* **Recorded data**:

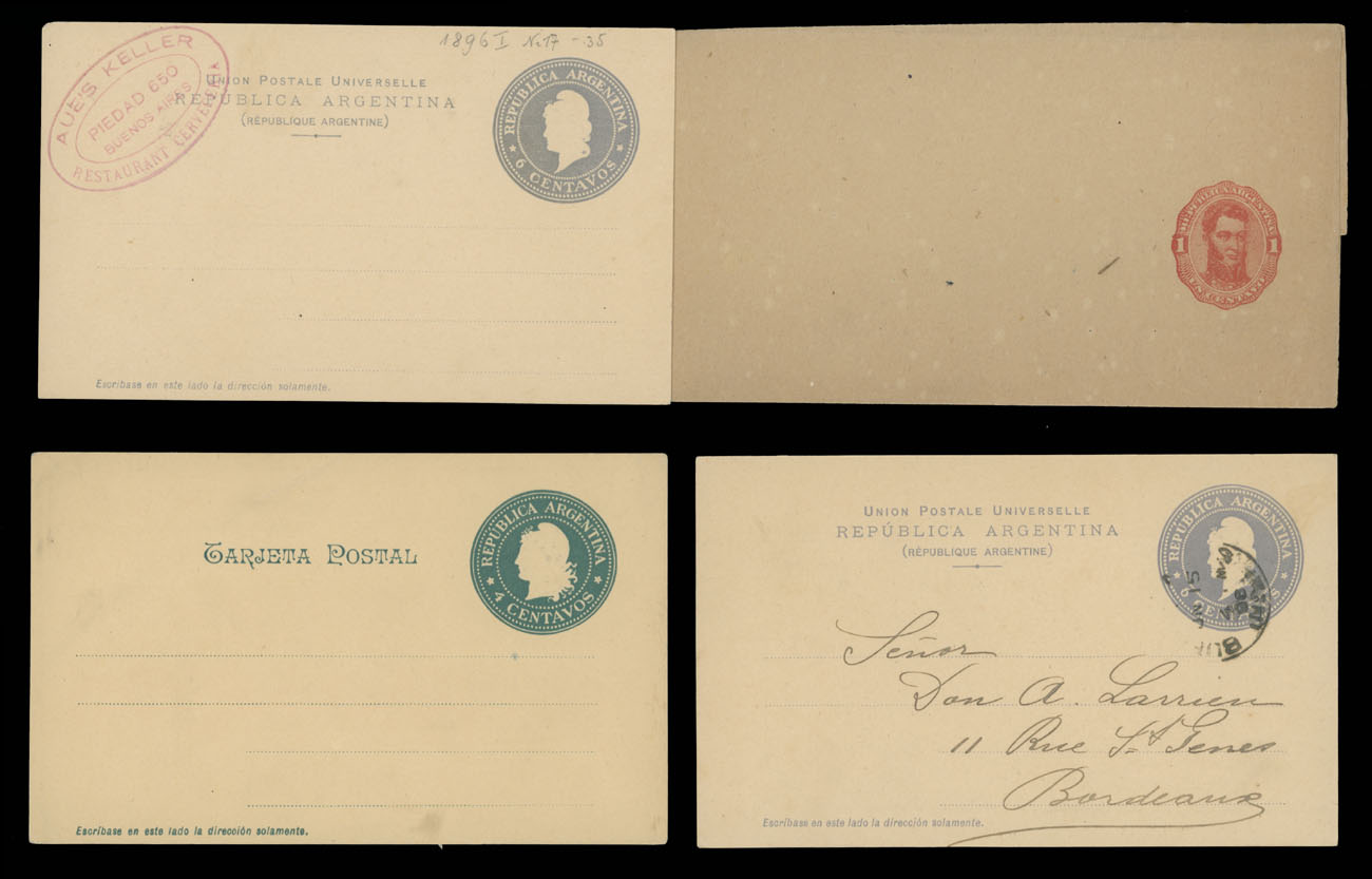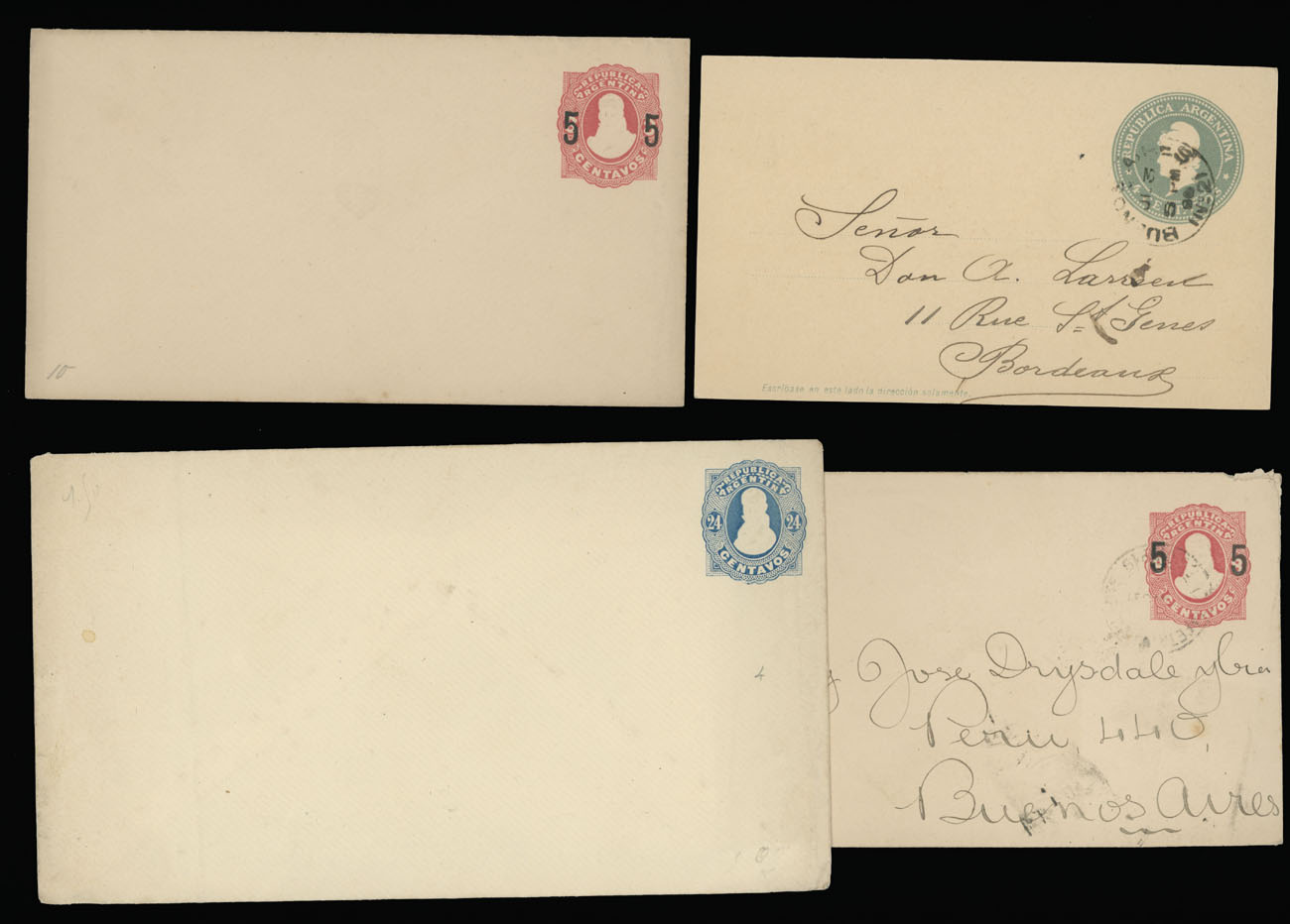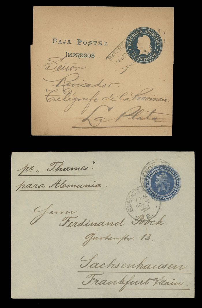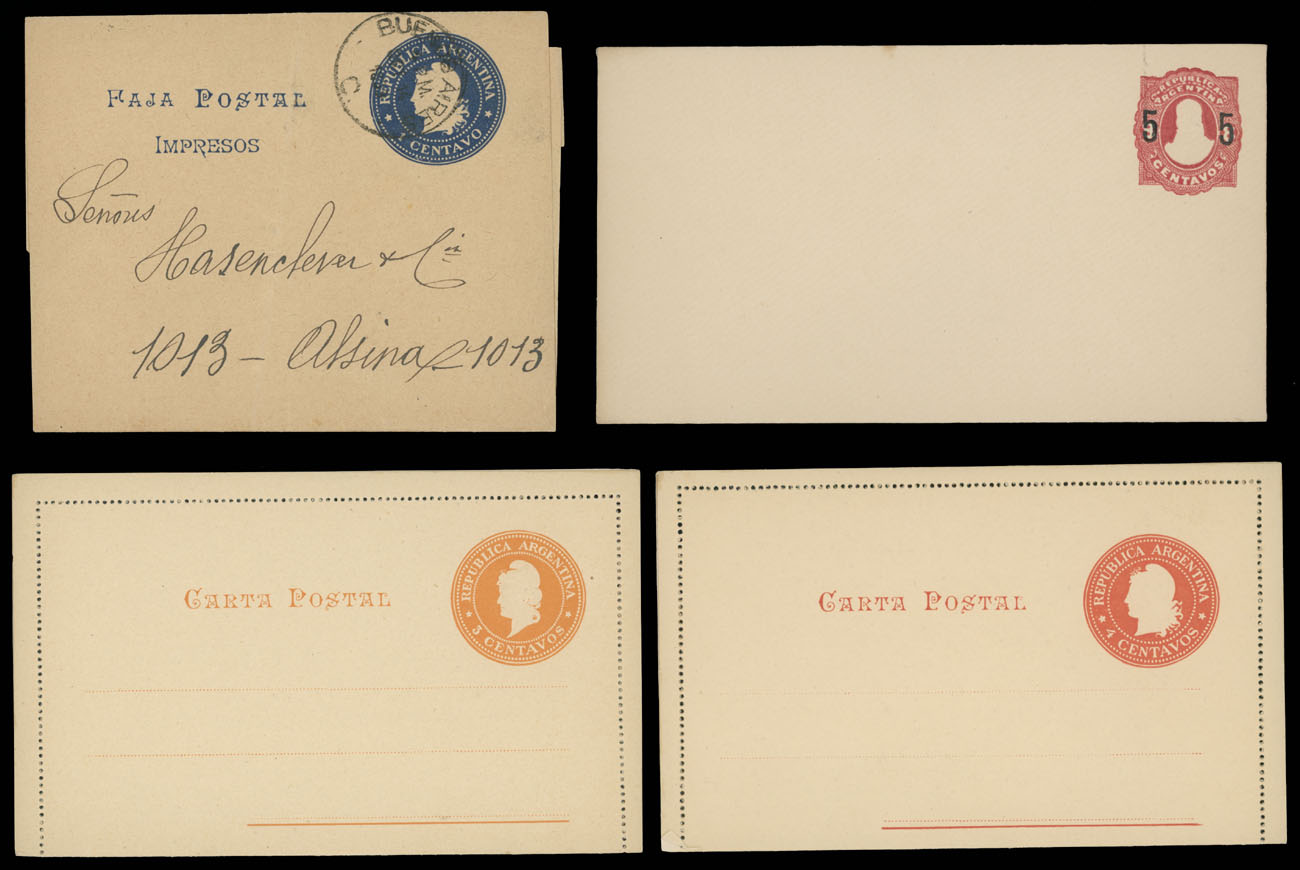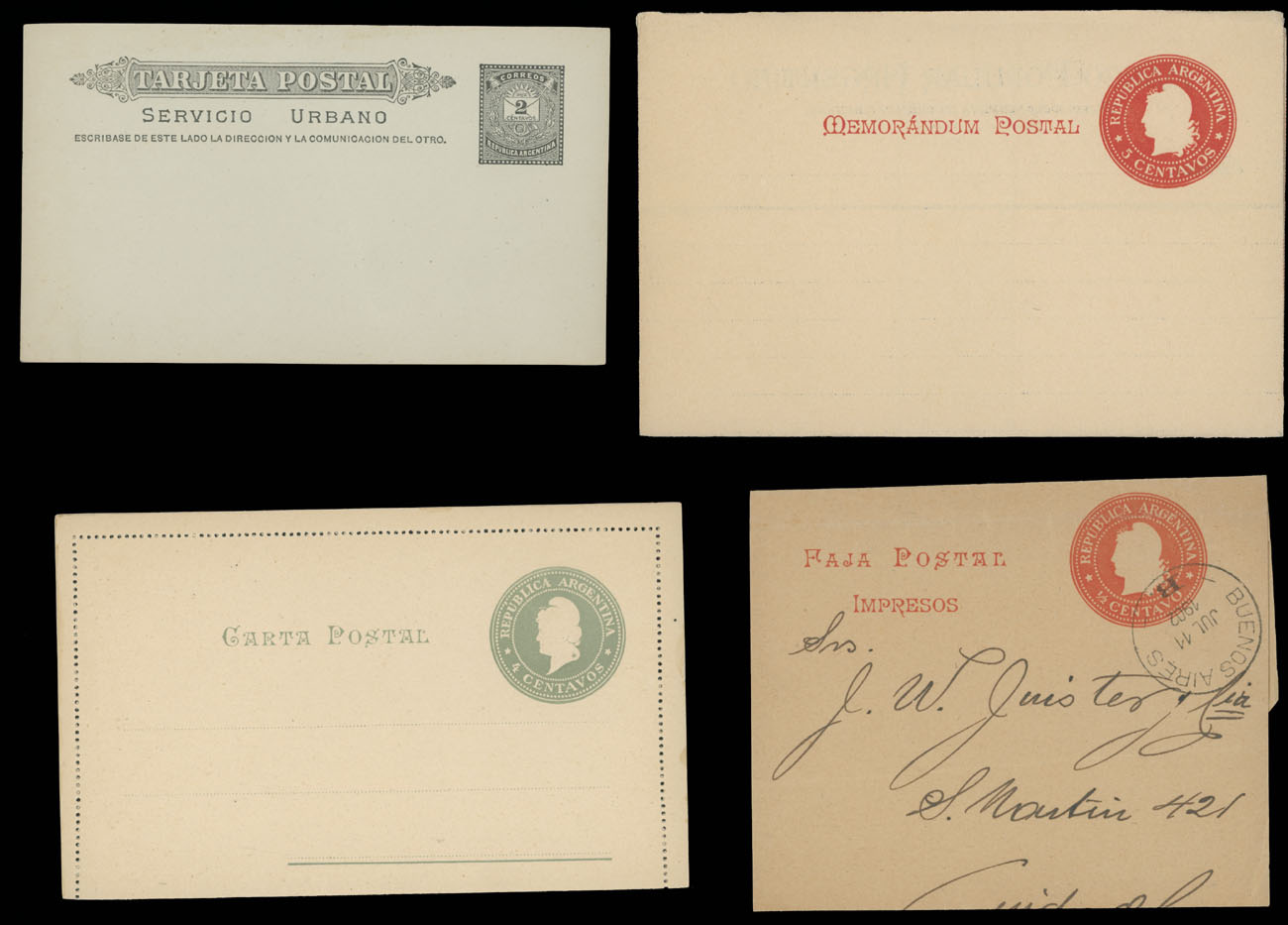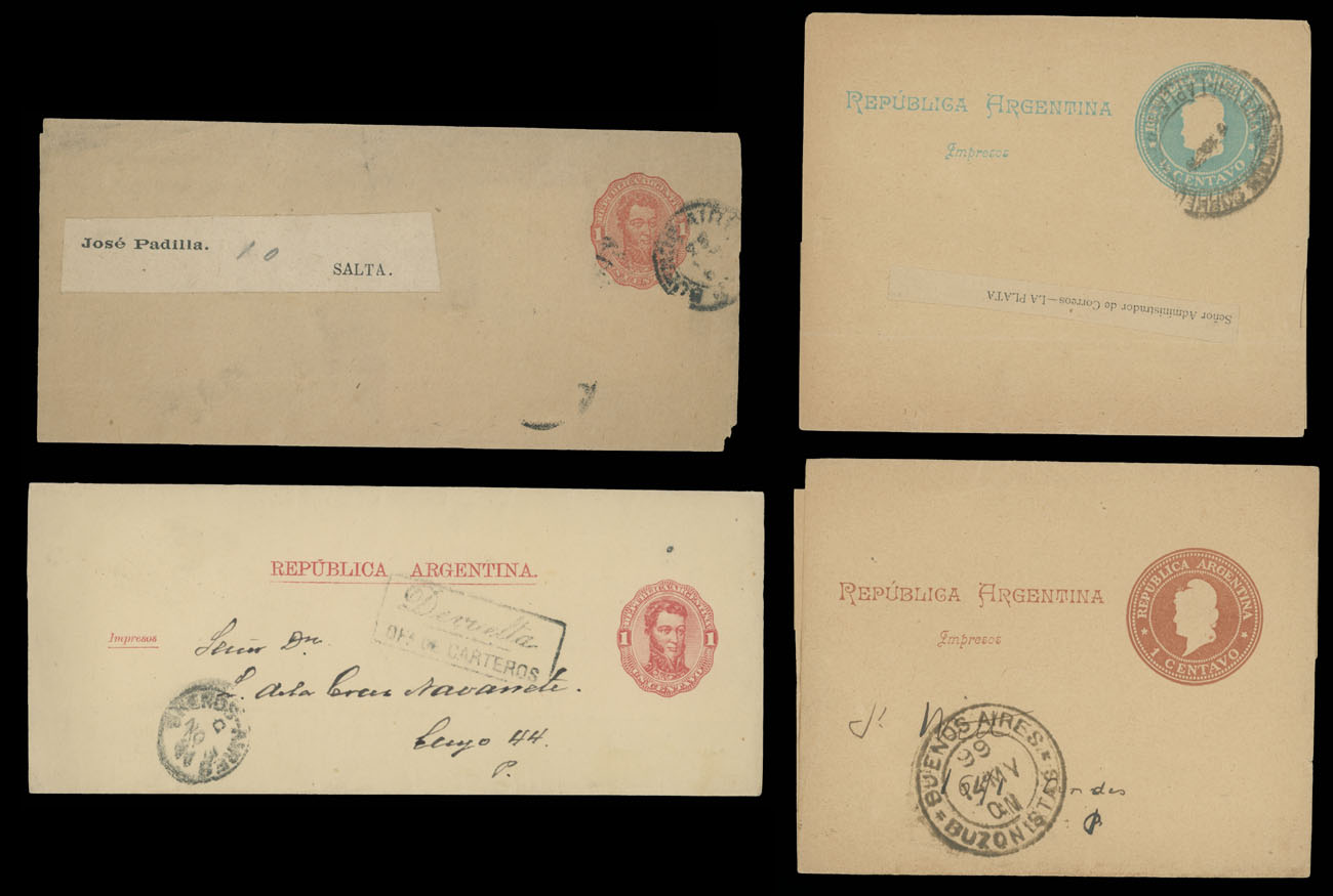CLASSIC STATIONERY COLLECTION IN RED BROWN COVER ALBUM: 1890-1912, 164 used and unused items, including 73 wrappers (38 unused), 25 letter cards (18 unused), 38 envelopes (30 unused), 26 postcards (13 unused) and 2 unsevered reply cards, used ones are of various destinations, some better items, generally fresh quality unit, F/VF or better, Est. $300-$400
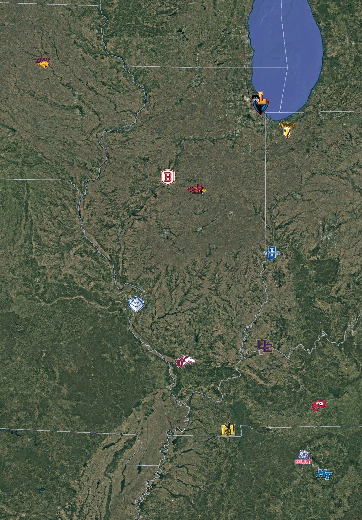 Now this is a basketball conference. And that basketball conference is basically the MVC, with a few additional neighbors. Notice that Drake just barely misses out on being in this league. This information will be important later. Also, obligatory lol DePaul.
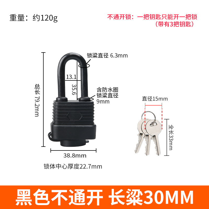 - Specification: Long Beam Waterproof Lock 30MM [Single-Use] Black 3 Keys
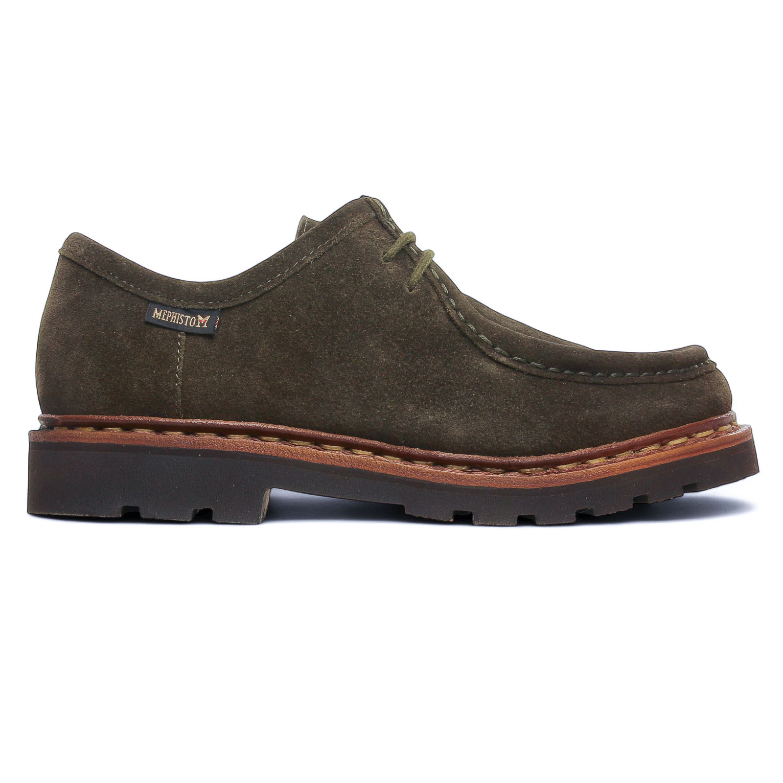 Derbies de la marque Mephisto de couleur vert kaki. Une tige en daim vert kaki ou en cuir lisse noir. Optez pour l'alliance parfaite entre style décontracté et confort absolu avec cette derby Mephisto pour femme, ce modèle à lacets affiche un look casual chic tendance, rehaussé par des surpiqûres authentiques. Grâce à l'intégration de la Technologie SOFT-AIR et du SHOCK-ABSORBER, chaque pas est amorti, réduisant les chocs au minimum pour une marche sans fatigue. La semelle amovible et la semelle crantée robuste en font la chaussure idéale pour vos journées actives en ville.
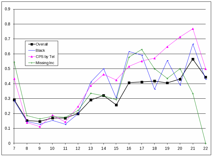 Time of Day: The time of day of the ATUS calling appeared to be related to the probability of completion for those that conducted a CPS interview by telephone and those that did not provide valid income data for the CPS. Specifically, CPS telephone interview completions were more likely than their counterparts to complete their interviews in the evening until quite late (9pm - 10pm). By contrast income incompletes were most likely to complete interviews between three and six o’clock, with the probability of completion being quite low in the late evenings. Finally, sample units with a black reference person are more likely to be contacted and complete an interview in the afternoon. Figure 6 in Appendix D shows the proportion of attempts that result in a completed interview by time of day for all sample units, sample units that failed to provide income data on the CPS, sample units with a black reference person, and sample units that completed a CPS telephone interview. Figure 7 shows the proportion of attempts that result in a contact by time of day for sampling units with the same characteristics.
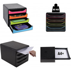Drawer set with 4 smooth action drawers of 55 mm for A4+ sized documents. Each drawer has a stop function.
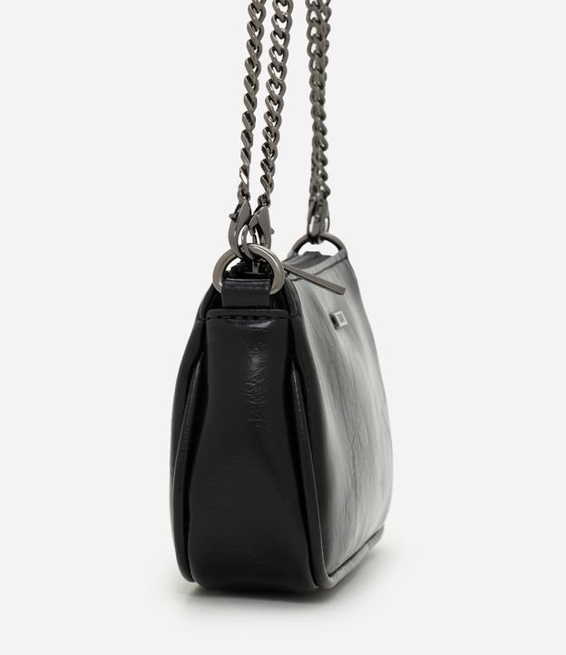 • Bolsa Baguete Pequena em PU com Alça de Corrente Preto 4

* **Work request**: For this exercise, transcribe exactly the part of the records above that opens with the line containing "Now this is" and closes with the one containing "- Specification: Long". Pictures are not part of the copy.

* **Exercise answer**:
 Now this is a basketball conference. And that basketball conference is basically the MVC, with a few additional neighbors. Notice that Drake just barely misses out on being in this league. This information will be important later. Also, obligatory lol DePaul.
 - Specification: Long Beam Waterproof Lock 30MM [Single-Use] Black 3 Keys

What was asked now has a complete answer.